上記構成の針状ころ軸受11,21の軌道輪12および針状ころ13,23(以下、これらを総称して「軸受部品」という)のうちの少なくとも1つについて、図3または図4に示すような熱処理を施す。
図3に示す熱処理方法は、軸受部品用の鋼をA1変態点を超える浸炭窒化処理温度(例えば845℃)に加熱し、その温度で軸受部品用の鋼に浸炭窒化処理を施す。温度処理T1では鋼の素地に炭素や窒素が拡散され、また炭素が鋼に十分に溶け込む。この後、軸受部品用の鋼には、処理T1の温度から油焼入れを施し、A1変態点未満の温度に冷却する。次いで180℃で焼き戻しを行うが、この焼戻しは省略することができる。
この後、軸受部品用の鋼をA1変態点以上の温度で上記の浸炭窒化処理の温度未満の温度(例えば800℃)に再加熱し、その温度で保持することにより処理T2を施した後、処理T2の温度から油焼入れを施して、A1変態点未満の温度に冷却する。次いで180℃で焼き戻しを行う。
次に、図4に示す熱処理方法は、軸受部品用の鋼をA1変態点を超える浸炭窒化処理温度(例えば845℃)に加熱し、その温度で軸受部品用の鋼に浸炭窒化処理を施す。温度処理T1では鋼の素地に炭素や窒素が拡散され、また炭素が鋼に十分に溶け込む。この後、軸受部品用の鋼を焼入れせずにA1変態点以下の温度に冷却する。この後、軸受部品用の鋼をA1変態点以上の温度で上記の浸炭窒化処理の温度未満の温度(例えば800℃)に再加熱し、その温度で保持することにより処理T2を施した後、処理T2の温度から油焼入れを施して、A1変態点未満の温度に冷却する。次いで180℃で焼戻しを行う。

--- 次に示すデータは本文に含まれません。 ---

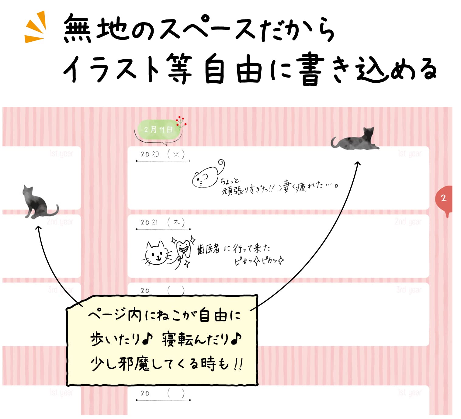 【新着商品】【フルカラー、 b5 (26cm×18cm)】 日記帳 3年日記 日本製 ノートライフ 開きやすく書きやすいPUR製本 ねこ ソフトカバー 日付あり (いつからでも始められる)

上記のいずれかの方法によって熱処理を施すことにより、軸受部品の表層に窒素含有量を増加した窒素富化層が形成され、熱処理後の軸受部品の組成や機械的性質は以下の範囲内となる。
まず、軸受部品組織中のオーステナイト結晶粒がJIS規格(Japanese Industrial Standards)の粒度番号10番を超えて微細化される。これにより、転動疲労寿命を大幅に改善することができる。オーステナイト結晶粒の粒度番号が10番以下では、転動疲労寿命の改善程度は小さい。オーステナイト結晶粒は細かいほど望ましいが、通常13番を超える粒度番号を得ることは難しい。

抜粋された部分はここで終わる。